Artist’s factory

Stella McCartney, John Galliano, Alexander McQueen… The English people managed to impose their brands in fashion. Their secret? A top level training, just like the brand new Central Saint Martin’s building , which gathers  the most prestigious art’s schools of London. Just a step from the Saint Pancras station, this talented incubator attracts pupils of the whole world.

Last summer, Saint Martin’s College of Art and Design moved in 1, Granary Square, into a former grains’ warehouse. In Granary Building, this factory of the arts of the XXIth century, are gathered several historic schools: Central Saint Martins  (itself an union of  the Central School of art and the famous Saint Martin School of Art in Charing Cross Road), the Drama Centre London and the Byam Shaw School of Art. For those Schools, the list of the alumni can be read as a Gotha of arts and fashion.

All in all, more than three thousand students in plastic arts, visual arts, fashion and textile live under the same roof  to whom are added the teachers and the administrative staff

The architect, Paul William, designed the school as a cubic cathedral of cement, glass and laminated (usual materials of the contemporary architecture) combined with eroded red brick inherited from the industrial revolution. Today, there is eccentricity and creativity at all floors. The building is crossed by an impressive main artery: 110 meters long and 20 meters high. Everything, here is inviting to transversality, to the hybridization and cross-fertilization of the disciplines, and to new ways to teach and to learn.

The idea to group the most prestigious art’s schools of the British capital goes back up in the middle of 1990s. The art’s university of London successfully achieves today  this old project thanks to this new building and to a financing of 200 million pounds: near half of that budget results from the sale of the former buildings, the rest coming from the bank.

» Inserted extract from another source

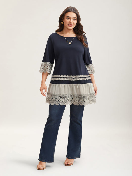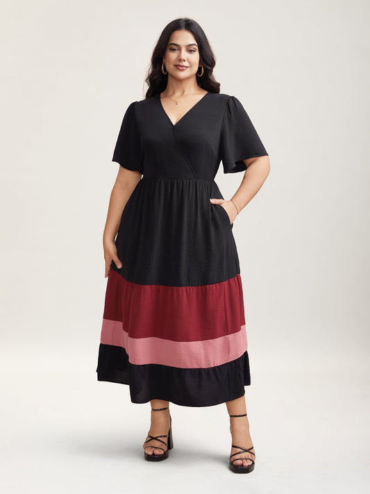 Color Contrast Flutter Sleeve Tiered Midi Dress

An investment which the school intends to make profitable, in a period when education in general – and the arts education particularly-  is less and less subsidized and is more expensive thus always. For the British students, tuition fees are going to triple, from 3000 to 9000 pounds. Many anticipated this increase and gave up their traditional sabbatical year after the equivalent of the high school diploma.

Nowadays, Central Saint Martin’s accepts more and more ‘international’ students, whose tuition fees are higher. They represent henceforth an important part of the budget and of the students.

On the other hand, the school does not neglect sponsors avid to support creativity. Last initiative in date: LVMH signed a partnership in which the firm commits to welcome trainees in all of its brands, commits to deliver grants, affixing its logo on the amphitheater of Granary Building… Then, of course, that clamps a little towards the professors and students, also  the fact that you should not dirty grounds with painting (a contradiction for a school of art), or as the strict security measures on the accesses.>>>>>>>>>>>>>>>>>>>>>>>>>>>>>in any case, there is a Central Saint Martins’ spirit, and it is the spirit of people who know how to take risks, who have the ambition to change the world, who are encouraged to find the answers in themselves, while learning to open doors.

A beautiful factory which allows you to create and to build yourself while dreaming.